Najpierw w sieci pojawiły się pogłoski o tym, że Joanna i Ryszard znowu się rozstali i kobieta trafiła do ośrodka dla samotnych mam. Ta informacja zbulwersowała internautów tym bardziej, że Szczena ma już jedno dziecko, ale się nim nie zajmuje. Czyżby tak samo chciał postąpić i tym razem?

Gdy pochwalił się narodzinami synka, wywołał falę komentarzy. Widzowie są przerażeni tym, jaki los czeka Marcelka przy rodzicach takich jak Joanna i Ryszard. Doskonale wiedzą, w jakich warunkach mieszka para i pamiętają, jak zachowywali się w programie.

Alkoholizm, recydywa, patologia, brak podstawowych warunków do rozwoju dziecka.

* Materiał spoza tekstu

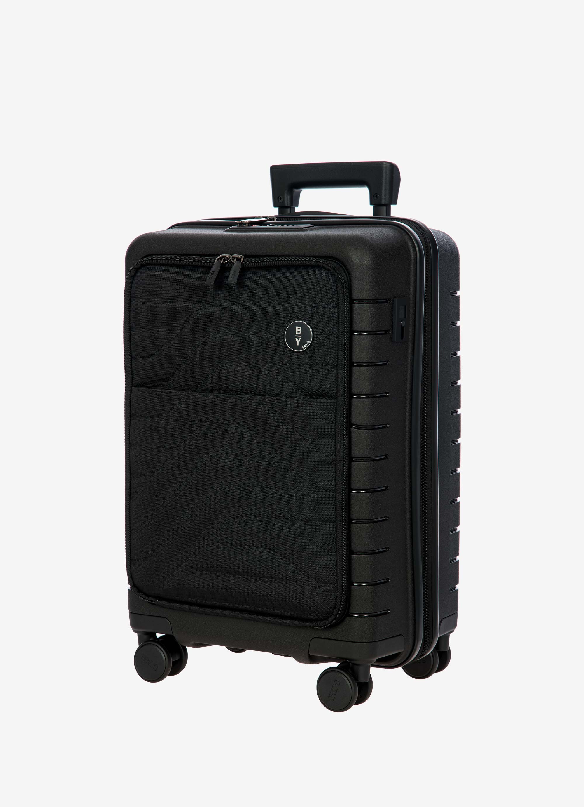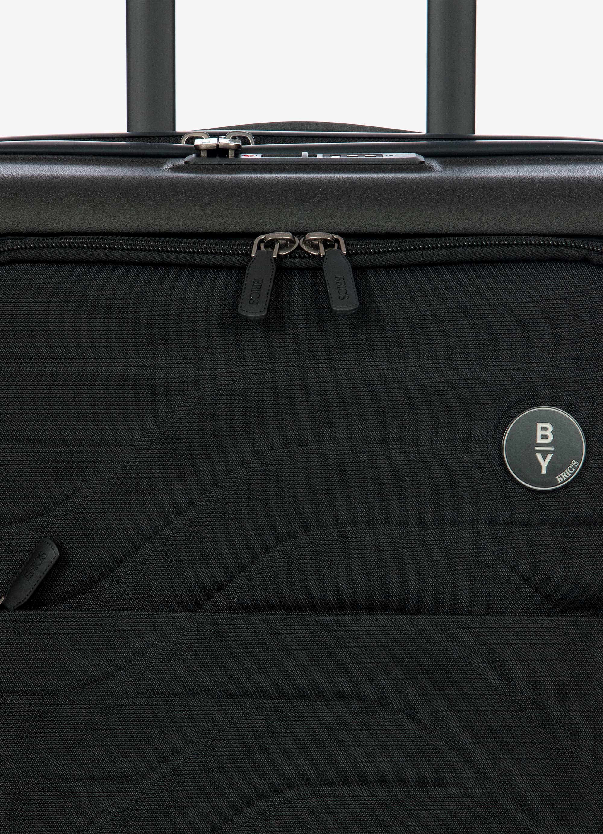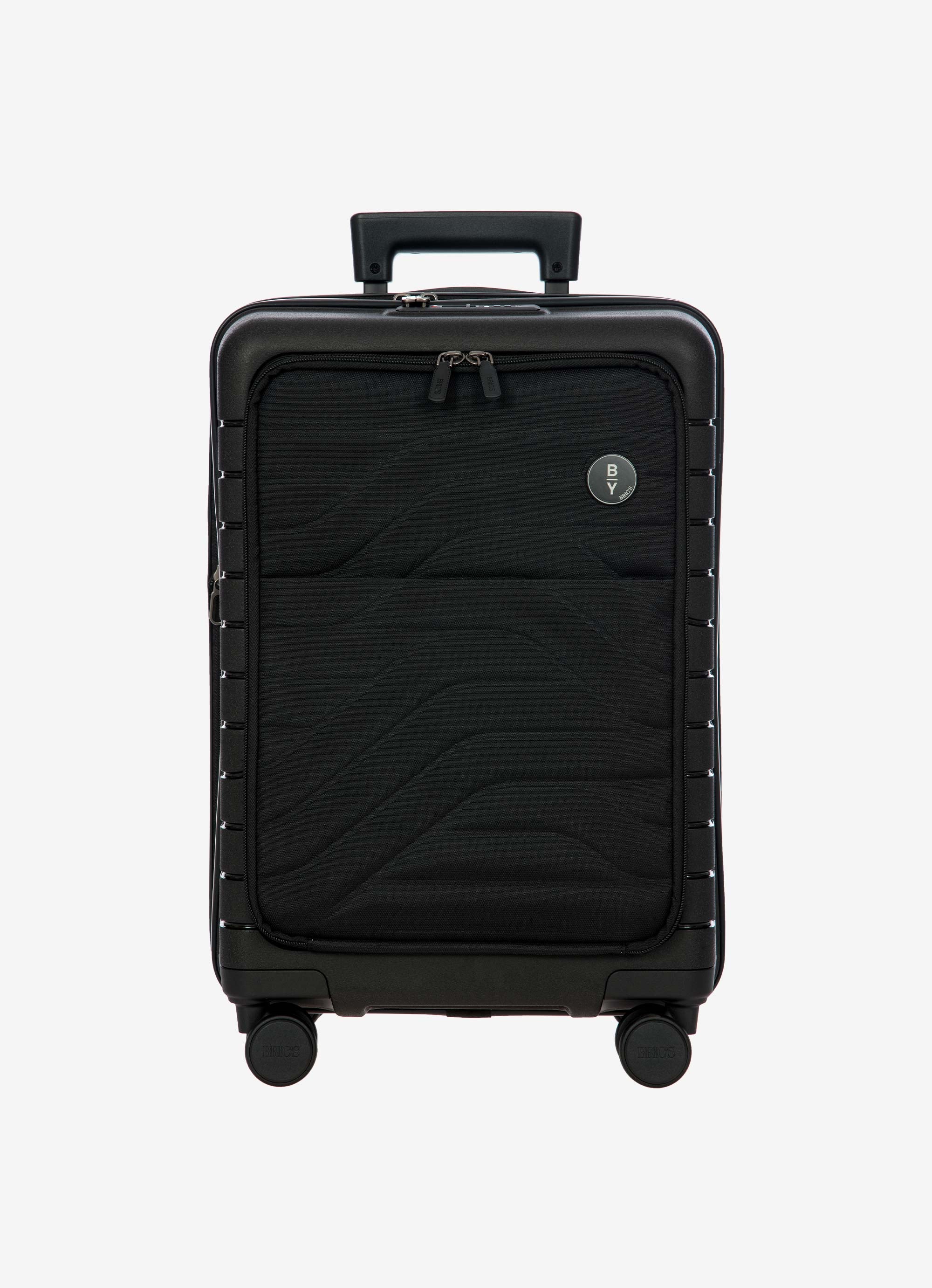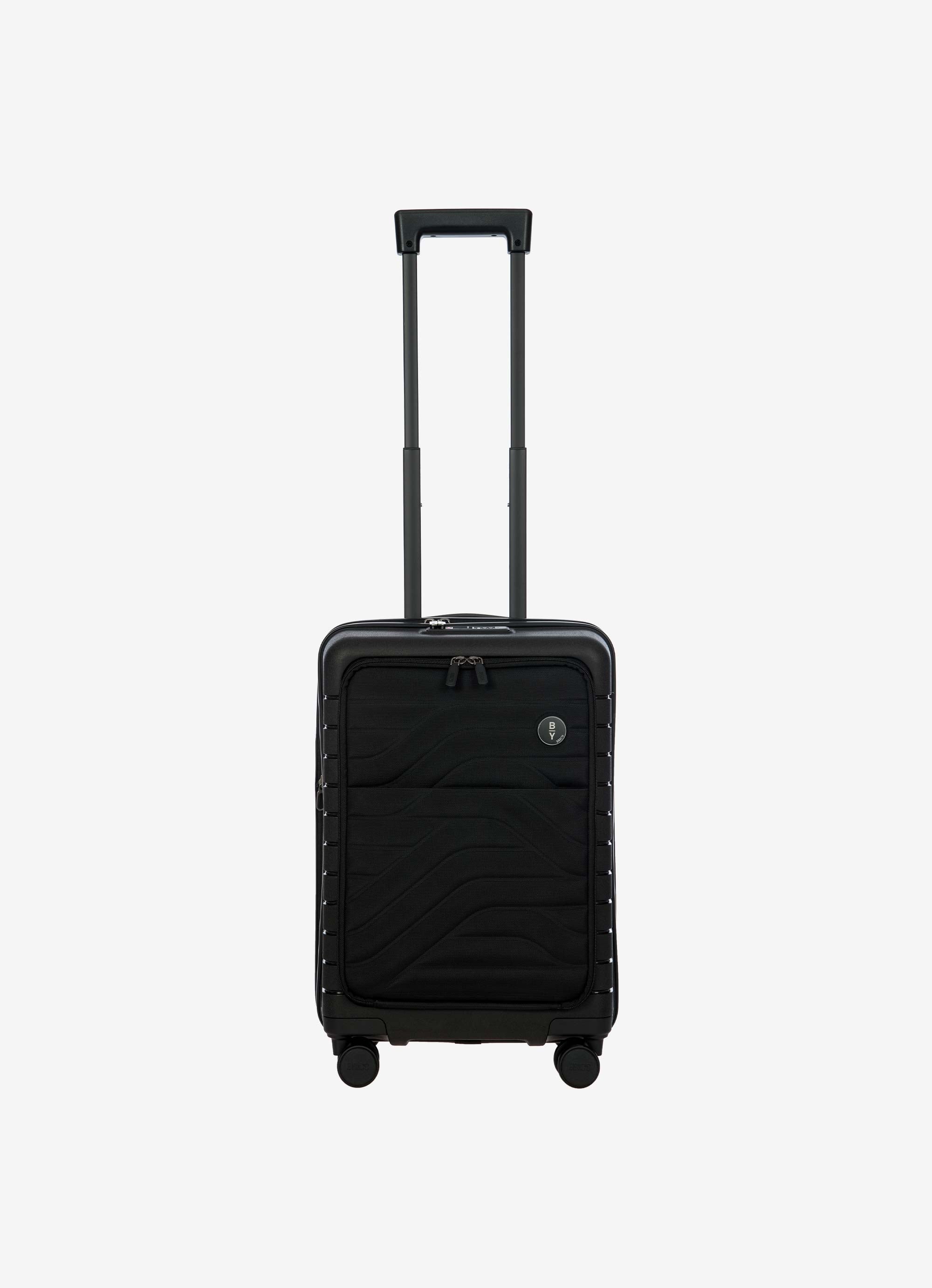 This expandable carry-on trolley with a pocket is part of the Ulisse B|Y collection by Bric’s. Practical but with a modern look, this suitcase with a pocket is ideal when travelling for work and even when on holiday. It ensures durability and sophisticated design thanks to the combination of a robust polypropylene shell and the soft yet hard-wearing fabric of the front pocket, which conceals a laptop/tablet sleeve complete with a protective band. OUTER SHELL: in polypropylene to ensure maximum lightness, flexibility and durability, with a front zip pocket to hold all items that are essential to have at hand. Zip fastening with a combination TSA lock integrated into the shell. When needed, a zip expansion system adds 4 cm to the depth to the suitcase. HANDLE: comfortable and practical, the aluminium retractable handle has three intermediate stop positions that can be engaged with a press button. The carry handle at the top is flat and ergonomic.INNER COMPARTMENT: one side has a zip and flat mesh pocket; the other has cross-straps to keep clothing in place. Soft polyester lining. A special pocket containing a removable and washable bag is designed to hold shoes or laundry.WHEELS: four double wheels, set into the body to optimise the capacity of the suitcase, which smoothly rotate 360°. Movement is silent thanks to their rubber coating. DETAILS: a textural urban-inspired design characterises the outside, and is repeated on the lining. Logo details on the zip pull, carry handle and the wheels, on-tone with the colour of the shell. Integrated address tag carrier. B|Y. Be Young. Be Bric's.

Szkoda malucha

Dumni byliście jak cholera, że chlejecie dyktę, do roboty żadne się nie garnęło, a w domu bałagan i brud!

Mam nadzieję że tym maleństwem zajmą się odpowiednie służby, wyrwą z patologicznych warunków i znajdą prawdziwy kochający dom

– piszą internauci.

Gdy jedna z internautek zapytała:

Czy ten maluszek będzie wychowywał się w tych warunkach mieszkaniowych, które zostały pokazane w programie?

Otrzymała odpowiedź od Joasi Wielochy. Ale pewnie nie takiej się spodziewała…

Co ciebie to obchodzi, ciekawska jesteś w ch*j, zajmij się swoim życiem, a nie w nasze życie wchodzisz. Nie masz nic do roboty, żegnam

– napisała kobieta.

Jaka przyszłość czeka małego Marcelka?